Production tools for semantic caching: For production use, consider GPTCache (an open-source library that integrates with multiple embedding models and vector stores) or Redis with its vector search capability. These handle the embedding, similarity search, TTL management, and eviction policies for you, so you do not need to implement them from scratch.
5. AI Gateways: Portkey and Helicone
AI gateways sit between your application and LLM providers, acting as a proxy that adds routing, observability, caching, guardrails, and cost tracking. They require minimal code changes (often just changing the base URL) and provide immediate production benefits.
5.1 Portkey
Portkey is an AI gateway that supports routing, fallbacks, spend tracking, caching, and guardrails across 1600+ LLMs. It works as a proxy: you point your OpenAI client at Portkey's gateway URL and add a configuration header. Portkey handles the rest.
from openai import OpenAI
from portkey_ai import PORTKEY_GATEWAY_URL, createHeaders
# Configure Portkey with routing and caching
client = OpenAI(
base_url=PORTKEY_GATEWAY_URL,
default_headers=createHeaders(
api_key="your-portkey-key",
config={
"strategy": {
"mode": "fallback", # Try models in order
},
"targets": [
{
"provider": "openai",
"api_key": "sk-...",
"override_params": {"model": "gpt-4o"}
},
{
"provider": "anthropic",
"api_key": "sk-ant-...",
"override_params": {"model": "claude-sonnet-4-20250514"}
}
],
"cache": {"mode": "semantic", "max_age": 3600}
}
)
)
# Your code is unchanged; Portkey handles routing and caching
response = client.chat.completions.create(
model="gpt-4o",
messages=[{"role": "user", "content": "Explain caching briefly."}]
)
print(response.choices[0].message.content[:100])
5.2 Helicone
Helicone is an open-source observability proxy focused on request logging, cost tracking, and analytics. Like Portkey, it works by changing the base URL. Helicone logs every request with latency, token counts, cost, and custom metadata, giving you a dashboard for monitoring your LLM usage.
from openai import OpenAI
# Route through Helicone for observability
client = OpenAI(
base_url="https://oai.helicone.ai/v1",
default_headers={
"Helicone-Auth": "Bearer your-helicone-key",
"Helicone-Cache-Enabled": "true", # Enable response caching
"Helicone-Property-Environment": "production",
"Helicone-Property-Feature": "customer-support", # Tag for cost attribution
}
)
response = client.chat.completions.create(
model="gpt-4o",
messages=[{"role": "user", "content": "How does Helicone work?"}]
)
# Helicone dashboard now shows:
# - Request latency, token count, estimated cost
# - Cache hit/miss status
# - Custom properties for filtering and grouping
print(f"Response received. Tokens: {response.usage.total_tokens}")

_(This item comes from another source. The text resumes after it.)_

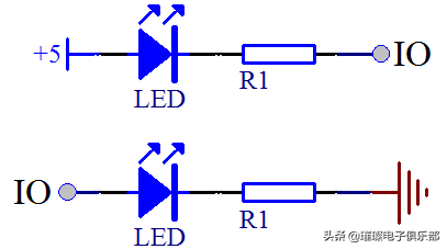 图 3-9 中上边的 LED 灯,和我们第二课讲过的 LED 灯是一样的,当 IO 口是高电平时,小灯熄灭,当 IO 口是低电平时,小灯点亮。那么下边的电路呢,按照这种推理,IO 口是高电平的时候,应该有电流流过并且点亮小灯,但实际上却并非这么简单。

print("Check Helicone dashboard for detailed analytics.")
Start with a gateway early: Adding an AI gateway is one of the highest-leverage changes you can make to a production LLM system. The cost tracking alone pays for itself by identifying which features, users, or prompts consume the most tokens. Adding it later requires changing every API call site; adding it from the start requires changing only the base URL.

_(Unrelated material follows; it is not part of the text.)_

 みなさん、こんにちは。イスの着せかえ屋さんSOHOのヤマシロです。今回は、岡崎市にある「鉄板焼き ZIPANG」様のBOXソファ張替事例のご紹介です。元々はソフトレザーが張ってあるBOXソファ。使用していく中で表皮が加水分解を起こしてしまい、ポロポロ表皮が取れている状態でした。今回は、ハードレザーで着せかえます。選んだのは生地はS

6. Token Budget Enforcement
Without explicit controls, LLM costs can spike unpredictably. Token budget enforcement tracks and limits spending at multiple granularities: per user, per organization, per feature, and per time period. The goal is to prevent runaway costs while maintaining service availability for within-budget users.
import time
from dataclasses import dataclass, field
from collections import defaultdict
@dataclass
class TokenBudget:
"""Track and enforce token spending limits."""
limits: dict = field(default_factory=dict) # entity -> max tokens per period
usage: dict = field(default_factory=lambda: defaultdict(int))

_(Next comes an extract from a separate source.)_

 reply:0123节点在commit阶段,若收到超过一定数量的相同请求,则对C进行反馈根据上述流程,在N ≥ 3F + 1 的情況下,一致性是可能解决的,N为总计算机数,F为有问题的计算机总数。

period_start: dict = field(default_factory=dict)
period_seconds: float = 86400 # Default: daily budget
def set_limit(self, entity: str, max_tokens: int):
self.limits[entity] = max_tokens
self.period_start[entity] = time.time()
def check_budget(self, entity: str, estimated_tokens: int) -> bool:
"""Return True if the request is within budget."""
if entity not in self.limits:
return True # No limit set
# Reset period if expired
if time.time() - self.period_start.get(entity, 0) > self.period_seconds:
self.usage[entity] = 0
self.period_start[entity] = time.time()
return self.usage[entity] + estimated_tokens <= self.limits[entity]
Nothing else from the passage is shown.